一个小时,没回;两个小时,没回;三个小时、四个小时……等到临睡前,屏幕才跳出来六个字——不客气,明天见。
真是个老干部一样的男人啊。
……
第二天在飞机上,依然是丰盛的港式早茶,依然是应绍华与爱月相对而坐。
顾崇将PDA拿过来给应绍华过目:“先生,这是明后两天的行程安排,具体返程时间,您看……”
应绍华循向对面吃得津津有味的女孩:“林小姐打算什么时候返程?”
“3号下午,”她答完,随之意识到,他要等她,“应先生工作繁忙,就不用记挂我了。”
应绍华:“3号下午返程。”
“好的,先生。”
她知道他待她这么好,是因为她照顾了应孚海,又教导晨晨。可她与他还不相熟,说过的话掰着指头都能数出来,数次随行,还是这种出行方式,她着实感到难为情。
不知是在这个国家待久了,学得不给人添麻烦的性子,还是刻意与他保持距离。
爱月诚恳道谢:“谢谢应先生,给您添麻烦了。
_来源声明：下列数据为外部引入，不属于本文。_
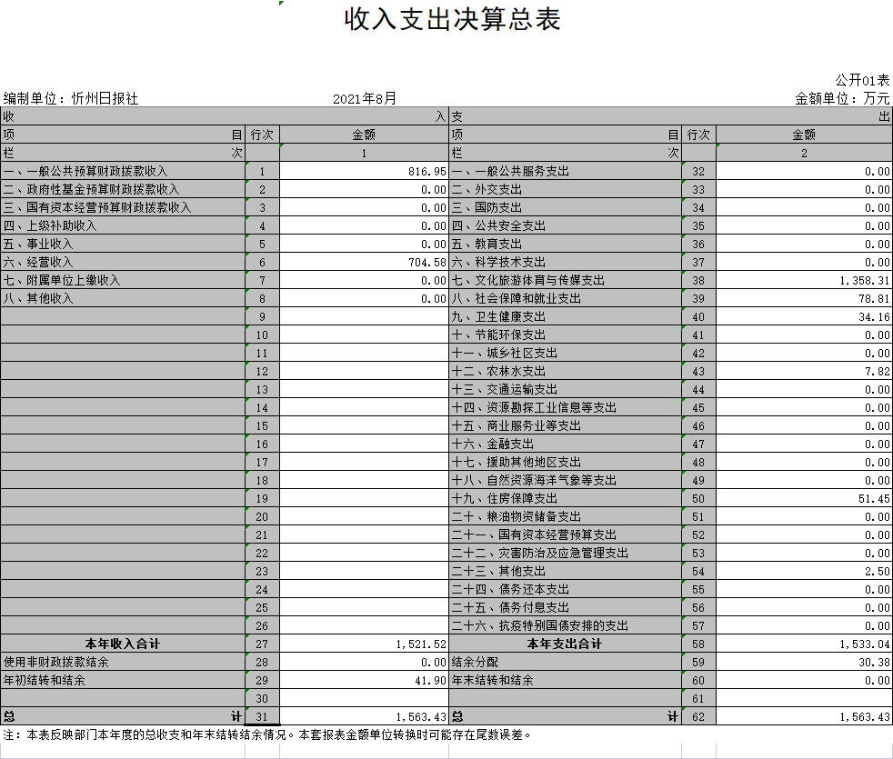 目錄 一、忻州日報社概況 (一)基本情況..............1 (二)主要職責..............1 (三)部門預(yù)算單位構(gòu)成..............2 (四)“三公經(jīng)費”預(yù)算撥款開支情況..............2 (五)政府性基金預(yù)算情況..............2 (六)機關(guān)運行經(jīng)費執(zhí)行情況說明..............2 (七)政府采購安排情況情況..............2 (八)重點項目預(yù)算的績效目標等預(yù)算績效情況說明..............3 (九)專業(yè)性較強的名詞..............3 (十)國有資產(chǎn)占用情況說明..............3 二、2020年度部門決算報表 (一)收入支出決算總表..............3 (二)收入決算表..............4 (三)支出決算表..............4 (四)財政撥款收入支出決算總表..............5 (五)一般公共預(yù)算財政撥款收入支出決算表..............5 (六)一般公共預(yù)算財政撥款支出決算明細表..............6 (七)一般公共預(yù)算財政撥款“三公”經(jīng)費支出決算表..............6 (八)政府性基金預(yù)算財政撥款收入支出決算表..............6 (九)國有資本經(jīng)營預(yù)算財政撥款支出決算表..............6 (十)部門決算公開相關(guān)信息統(tǒng)計表..............7 三、忻州日報社2020年部門決算收支情況說明 (一)收入支出各項指標與上年度對比情況及原因..........7 (二)公共預(yù)算基本支出構(gòu)成情況..........7 (三)“年末結(jié)轉(zhuǎn)情況............8 (四)政府性基金預(yù)算..............8 (五)三公經(jīng)費”預(yù)算撥款開支情況..........8 (六)政府采購情況...........8 (七)無重點績效項目.............8 一、忻州日報社概況 (一)基本情況:忻州日報社是市委直屬的全額事業(yè)單位,公益二類,正處級建制。忻州日報社全額事業(yè)單位編制66名。其中,領(lǐng)導(dǎo)職數(shù)4人,社長1名(正處),總編輯1名(正處),副社長1名(副處),副總編輯1名(副處),內(nèi)設(shè)部室16個。我社主要負責忻州日報的出版發(fā)行及忻州在線等新媒體平臺的發(fā)布運營。 (二)主要職責 1、堅持政治家辦報的方針,把握正確的輿論導(dǎo)向,圍繞中心,服務(wù)大局,著力營造推進轉(zhuǎn)型跨越發(fā)展的輿論氛圍。 2、負責全社全面從嚴治黨和意識形態(tài)陣地管理,嚴格落實意識形態(tài)責任制。 3、負責《忻州日報》、《忻州日報?晚報版》和《文化旅游》周刊的編輯出版和印刷發(fā)行工作。 4、開展網(wǎng)絡(luò)新媒體的立體傳播,負責忻州在線(網(wǎng))、微信公眾號忻州日報、忻州在線及微博、抖音、快手等平臺采編、運營和維護工作。積極推進傳統(tǒng)媒體和新型媒體的深度融合,實現(xiàn)融媒體組織機構(gòu)、采編流程、平臺建設(shè)的創(chuàng)新和重構(gòu),形成網(wǎng)上網(wǎng)下一體、內(nèi)宣外宣聯(lián)動的全媒體傳播體系。 5、圍繞“貼近實際、貼近群眾、貼近生活”,一切以為人民服務(wù)為出發(fā)點和落腳點,架起聯(lián)系群眾的橋梁,反映群眾的意見和建議。 6、完成市委、市政府和市委宣傳部交辦的其他任務(wù)。 (三)部門決算單位構(gòu)成:忻州日報社是一級預(yù)算單位,無下屬單位。部門預(yù)算只有一個單位,即忻州日報社。 (四)“三公經(jīng)費”開支情況。 忻州日報社是全額事業(yè)單位,財政只撥付人員經(jīng)費。我單位從財政撥款中沒有支出“三公經(jīng)費”,“三公經(jīng)費”數(shù)字為0,故有關(guān)“三公經(jīng)費”的內(nèi)容均為0。一般公共預(yù)算“三公”經(jīng)費支出表、“三公”經(jīng)費增減變化原因及因公出國、公務(wù)用車及公務(wù)接待等項均無數(shù)字。也沒有因公出國(境)團組數(shù)及人數(shù),“公務(wù)用車購置和運行費”為0。公務(wù)用車購置數(shù)為0,保有量為6輛,本年國內(nèi)公務(wù)接待的批次、人數(shù)為0。 (五)政府性基金決算情況:忻州日報社不涉及政府性基金,故政府性基金決算支出為0. (六)機關(guān)運行經(jīng)費執(zhí)行情況說明:因財政未給忻州日報社撥付機關(guān)運行經(jīng)費,故我單位無機關(guān)運行經(jīng)費。 (七)政府采購安排情況:忻州日報社需要走政府采購的項目都通過政府采購購買。 (八)重點項目決算的績效目標等決算績效情況說明:我單位不涉及重點項目。 (九)我單位不涉及專業(yè)性較強的名詞。 (十)國有資產(chǎn)占用情況說明:我單位沒有國有資產(chǎn)。 二、2020年度部門決算報表及2020年“三公”經(jīng)費決算表 1、2020年收入支出決算總表

”
自相识以来,她一直在道谢,他送送她回家道谢,夸她有才道谢,请她喝茶道谢,送她口红道谢,每次都毕恭毕敬,正襟危坐。这不是性格,而是涵养。
听她跟应雅贤聊得那么开心,怎么到了他面前,话都不多说一句。
应绍华只着件墨色衬衫,神情也是从容恣意:“全当是借林小姐一个借口给我放假了。”
他如此说笑,不接话不合适:“应先生行程这么紧凑,还舍得专程为了见一个人跑去这样一个小地方,这个人一定很重要了。”
早听应雅贤说了是与工作有关,不然若是私人方面的,她也不敢过问。
应绍华悠然品茗,忽而一笑,道:“也许,你也很想见见这个人。”
爱月不明所以,惑然看他。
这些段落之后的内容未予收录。